Raw data:
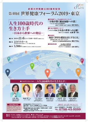 創立80周年を記念して、【第40回 世界健康フォーラム2019・東京】が”人生100歳時代の生き方上手ー日本から世界への発信”をテーマに開催されます。
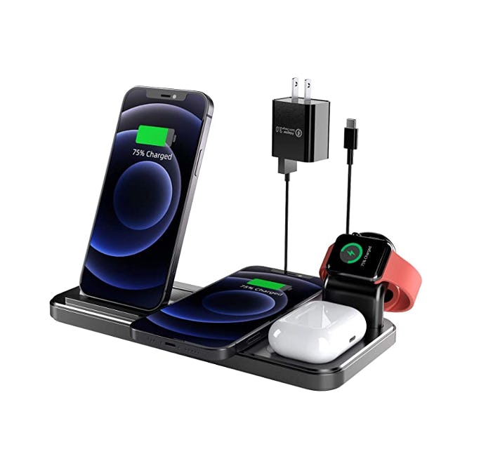 This wireless charging station can power up as many as four devices at once, which is seriously impressive for only $20. You can charge two smartphones, earbuds, and a smartwatch on this space-saving dock, which is compatible with both Apple and Samsung products. Note that the watch charging station is not wireless, but it is designed to hide the wire.
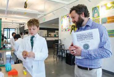 Take for example the Classes of 2024 and 2025 and Director of Gates Eric Escalante P’20,’22. Ushering an idea from its first spark to a working prototype and presenting that idea to a live audience takes courage; I remember being 11 and 12 years old, and I avoided presenting to my peers and teachers at all costs. ese young scholars, however, stood tall during the Charles C. Gates Invention & Innovation Competition, looking directly at their audience and giving articulate sales pitches without hesitation; Wallach was filled with an energy and enthusiasm that any high-tech cutting-edge engineering firm would welcome in its lab. e sixth and seventh graders are an impressive bunch with more than a modicum of perseverance and enthusiasm, and yes, courage to literally try something new. You can learn more about their Gates inventions on page 32.
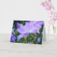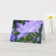 Originelles Kunstwerk mit meinem Originalfoto von hübschen lila Freesia Blume in Blüte in einer Gartenlandschaft, wobei eine Blume einen Tau auf dem Blatt hängt. Die Komposition dieses Bildes macht einen künstlerischen Eindruck. Die Karte ist innen leer, sodass Sie genug Platz haben, um Ihre persönlichen Briefe und Notizen zu schreiben.

What the exercise asks:
A verbatim rendering of the listing above is required, without any of its pictures.

Your solution:
 創立80周年を記念して、【第40回 世界健康フォーラム2019・東京】が”人生100歳時代の生き方上手ー日本から世界への発信”をテーマに開催されます。
 This wireless charging station can power up as many as four devices at once, which is seriously impressive for only $20. You can charge two smartphones, earbuds, and a smartwatch on this space-saving dock, which is compatible with both Apple and Samsung products. Note that the watch charging station is not wireless, but it is designed to hide the wire.
 Take for example the Classes of 2024 and 2025 and Director of Gates Eric Escalante P’20,’22. Ushering an idea from its first spark to a working prototype and presenting that idea to a live audience takes courage; I remember being 11 and 12 years old, and I avoided presenting to my peers and teachers at all costs. ese young scholars, however, stood tall during the Charles C. Gates Invention & Innovation Competition, looking directly at their audience and giving articulate sales pitches without hesitation; Wallach was filled with an energy and enthusiasm that any high-tech cutting-edge engineering firm would welcome in its lab. e sixth and seventh graders are an impressive bunch with more than a modicum of perseverance and enthusiasm, and yes, courage to literally try something new. You can learn more about their Gates inventions on page 32.
 Originelles Kunstwerk mit meinem Originalfoto von hübschen lila Freesia Blume in Blüte in einer Gartenlandschaft, wobei eine Blume einen Tau auf dem Blatt hängt. Die Komposition dieses Bildes macht einen künstlerischen Eindruck. Die Karte ist innen leer, sodass Sie genug Platz haben, um Ihre persönlichen Briefe und Notizen zu schreiben.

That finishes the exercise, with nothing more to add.